Acquire and Analyze Signals With LabVIEW Real-Time

Publish Date: Jun 08, 2017 | 3 Ratings | 4.67 out of 5 | Print | Submit your review


Learn how to deterministically acquire data and analyze it with ready-to-run libraries built into LabVIEW. Follow the tutorial below or open and walk through the attached sample solution.

Download LabVIEW Evaluation Download the Sample Code

Starting a New Project in LabVIEW and Adding a Real-Time Target


Begin by creating a new project in LabVIEW, where you manage your code and hardware resources.

1. Create a new project in LabVIEW by selecting File»Create Project. Then select Blank Project.

2.  The default project tree includes My Computer, which is where you can write code that runs on the Windows development machine. Remember that a real-time target has a processor running a real-time OS, so it’s effectively another computer. To write code that runs on that computer, you need to add another target to your project. To add a real-time system to the project, right-click on the Project item at the top of the tree and select New»Targets and Devices…


3. With this dialog, you can discover existing systems on your network or add a new system. Since you are just evaluating the software, select New target or device. LabVIEW lists available hardware corresponding with the drivers you have installed. Since you installed the NI-RIO driver with your evaluation software, select and expand Real-Time CompactRIO and select cRIO-9068.


4. If you had an existing system, LabVIEW would attempt to detect the I/O present in your system and automatically add it to the LabVIEW project. Since you are adding a new system, you need to manually add a C Series I/O module. To do this, right-click on the Chassis project item, named for the backplane of a CompactRIO, and select New»C Series Modules…

5. In the same manner as the target, since you do not have physical hardware, select New target or device and C Series Module and then click OK.

6. In the dialog box that appears, select an NI 9211 thermocouple module for Mod1 and then click OK.

7. You are now ready to start programming and accessing I/O on your real-time target. Navigate to File»Save to save your project as Real-Time Evaluation.lvproj. Click OK. Note that you communicate with your target by entering its IP address once it’s properly configured on the same network as your development computer.

Developing a LabVIEW Real-Time VI


This section walks you through creating a basic real-time control application on CompactRIO. You should now have a new LabVIEW project that contains your CompactRIO system and C Series I/O module. This tutorial uses an NI 9211 thermocouple input module; however, you can follow this process for almost any analog input module.

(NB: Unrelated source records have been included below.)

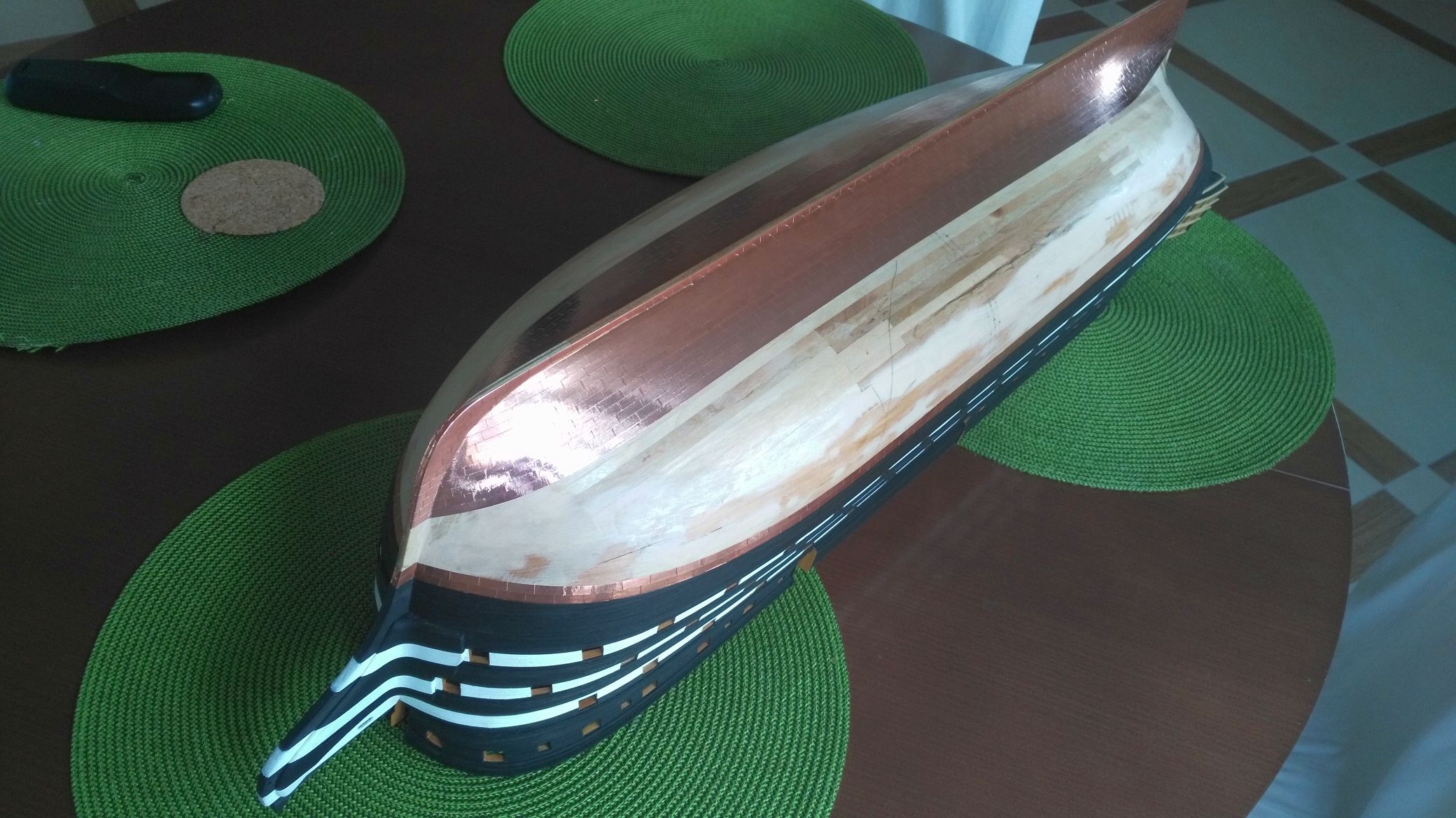 Prace przy miedziowaniu posuwają się pomału do przodu. Używam do tego celu taśmy "Master Foil Plus" z przeźroczystym klejem. Na uprzednio polakierowanym 2 razy i oczyszczonym podłożu trzyma bardzo dobrze, jedynie w miejscach gdzie dotykałem klej palcami jest trochę słabiej.
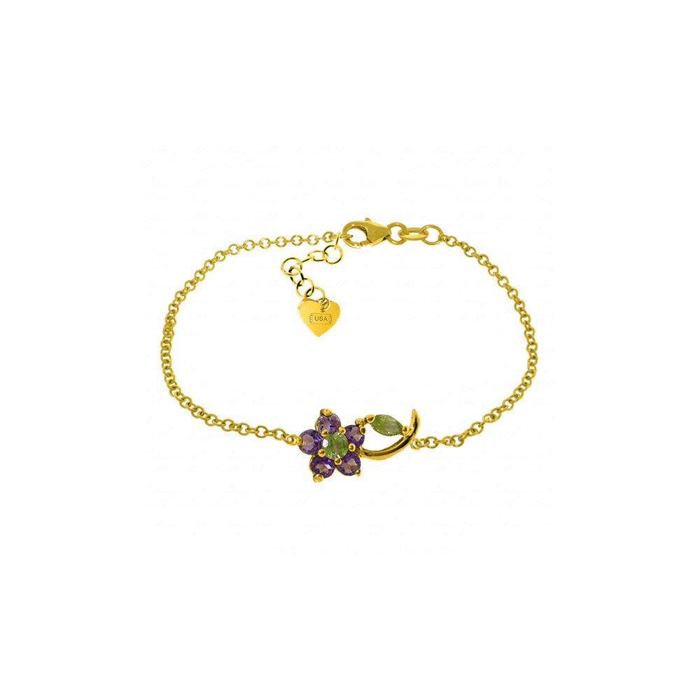 Genuine 14K Yellow Gold 0.87 ctw Peridot & Amethyst Bracelet
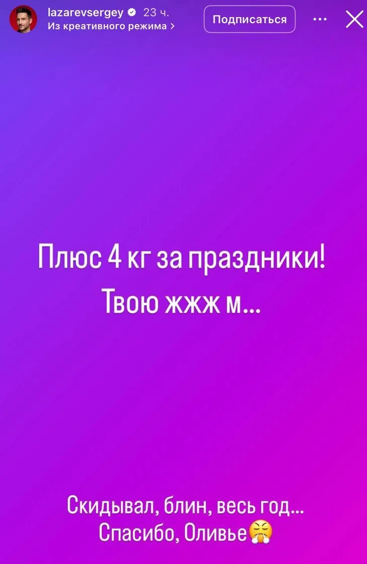 У себя в Instagram-сторис артист выразил разочарование в праздниках, из-за которых вся его работа над физической формой оказалась напрасной. Со слов Лазарева, Новый год и Рождество уничтожили результаты годичной работы певца над своей фигурой. Под раздачу попал символ новогоднего стола – салат Оливье.

1. This project contains only one VI, which is the LabVIEW Real-Time application that runs embedded on the real-time processor. Create this VI by right-clicking on the CompactRIO real-time controller in the project and selecting New»VI. Save the VI as

2. Double-click on to open it. A VI is composed of two windows, the gray front panel, which serves as the user interface, and the white block diagram, where code is developed.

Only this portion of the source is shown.